## What to work on
Exact reproductions of all the entries, please, and no pictures.

BEGIN Records to process

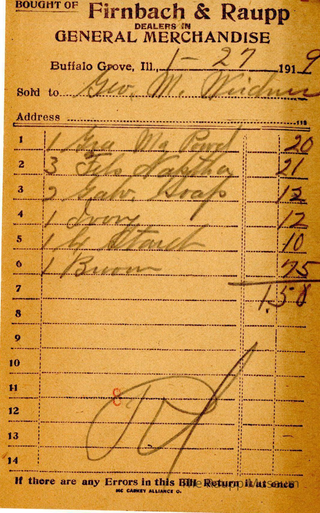 The black text is as follows, from top to bottom: "Bought of FIRNBACH & RAUPP: Dealers in General Merchandise; Buffalo Grove , Ill.; Sold to; Address; If there are any Errors in this Bill, Return it at once; MC CASKEY ALLIANCE O;."Archive Details
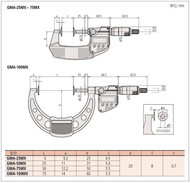 4、带有基点调整用量杆 ( 不包括测量范围 0-25mm 型 ) 。
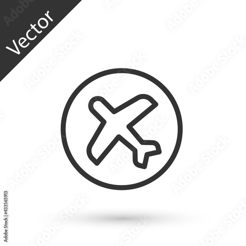 Obraz premium Grey line Plane icon isolated on white background. Flying airplane icon. Airliner sign. Vector
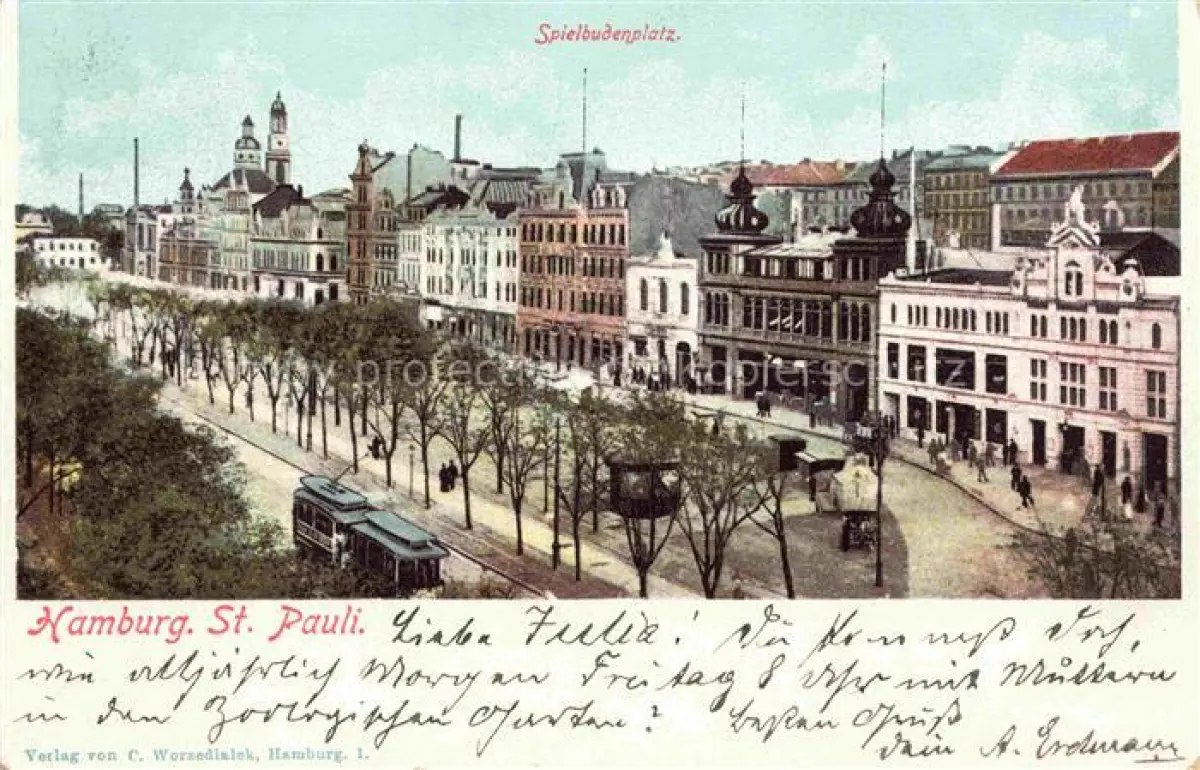 alte Postkarte St Pauli Hamburg Spielbudenplatz postalisch gelaufen Erhaltung siehe scans [FriedD77]
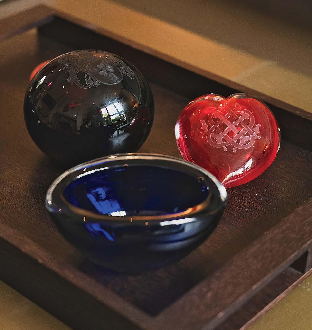 Debonnaire von Bismarck in the Vita Kin’s Shalimar Dress in Mango & Cream ($1,950). Opposite page, clockwise from top left: Debonnaire packaging; Giberto’s Blue Paperweight, $550 (left), BB Oggetti D’ Arte’s Blue Glass Bowl, $365 (front), and Giberto’s Red Glass Heart, $775 (right); von Bismarck in Vita Kin’s Shalimar Dress in Red & White ($1,950) with The City Farm Girl’s Rooster Foot Stool by her side (sizes and prices vary); Objet Luxe’s Monkey Madagascar Bowl ($510) and L’Objet’s Crocodile Letter Opener ($180).
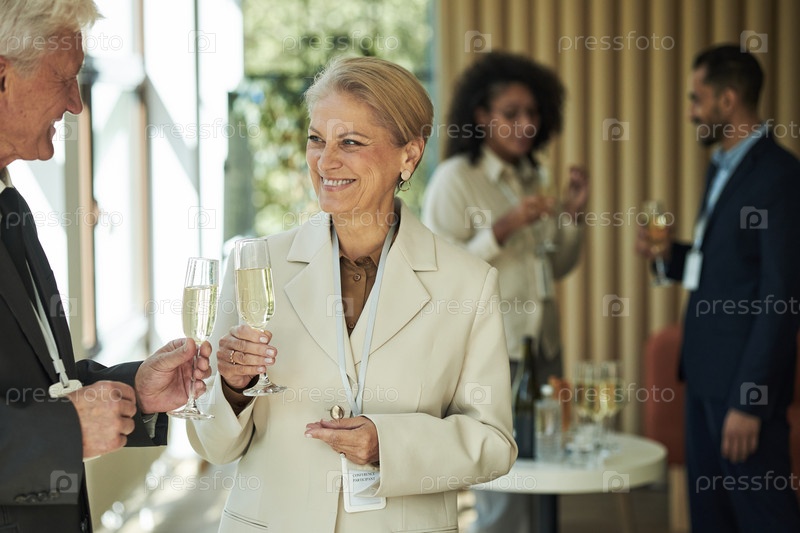 Старшая женщина улыбается, выпивая шампанское на деловом мероприятии
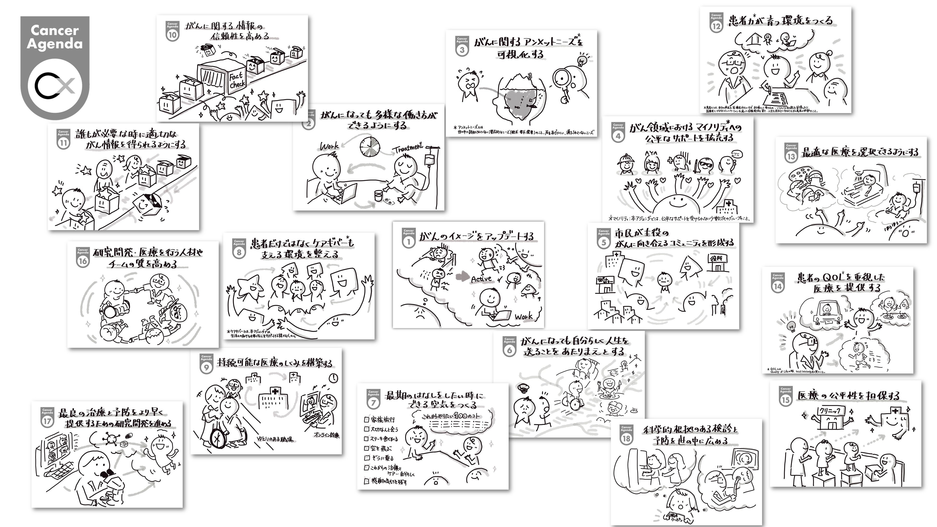 がんにまつわる社会課題を具体的に18項目にまとめました。

END Records to process

## Exercise output
 The black text is as follows, from top to bottom: "Bought of FIRNBACH & RAUPP: Dealers in General Merchandise; Buffalo Grove , Ill.; Sold to; Address; If there are any Errors in this Bill, Return it at once; MC CASKEY ALLIANCE O;."Archive Details
 4、带有基点调整用量杆 ( 不包括测量范围 0-25mm 型 ) 。
 Obraz premium Grey line Plane icon isolated on white background. Flying airplane icon. Airliner sign. Vector
 alte Postkarte St Pauli Hamburg Spielbudenplatz postalisch gelaufen Erhaltung siehe scans [FriedD77]
 Debonnaire von Bismarck in the Vita Kin’s Shalimar Dress in Mango & Cream ($1,950). Opposite page, clockwise from top left: Debonnaire packaging; Giberto’s Blue Paperweight, $550 (left), BB Oggetti D’ Arte’s Blue Glass Bowl, $365 (front), and Giberto’s Red Glass Heart, $775 (right); von Bismarck in Vita Kin’s Shalimar Dress in Red & White ($1,950) with The City Farm Girl’s Rooster Foot Stool by her side (sizes and prices vary); Objet Luxe’s Monkey Madagascar Bowl ($510) and L’Objet’s Crocodile Letter Opener ($180).
 Старшая женщина улыбается, выпивая шампанское на деловом мероприятии
 がんにまつわる社会課題を具体的に18項目にまとめました。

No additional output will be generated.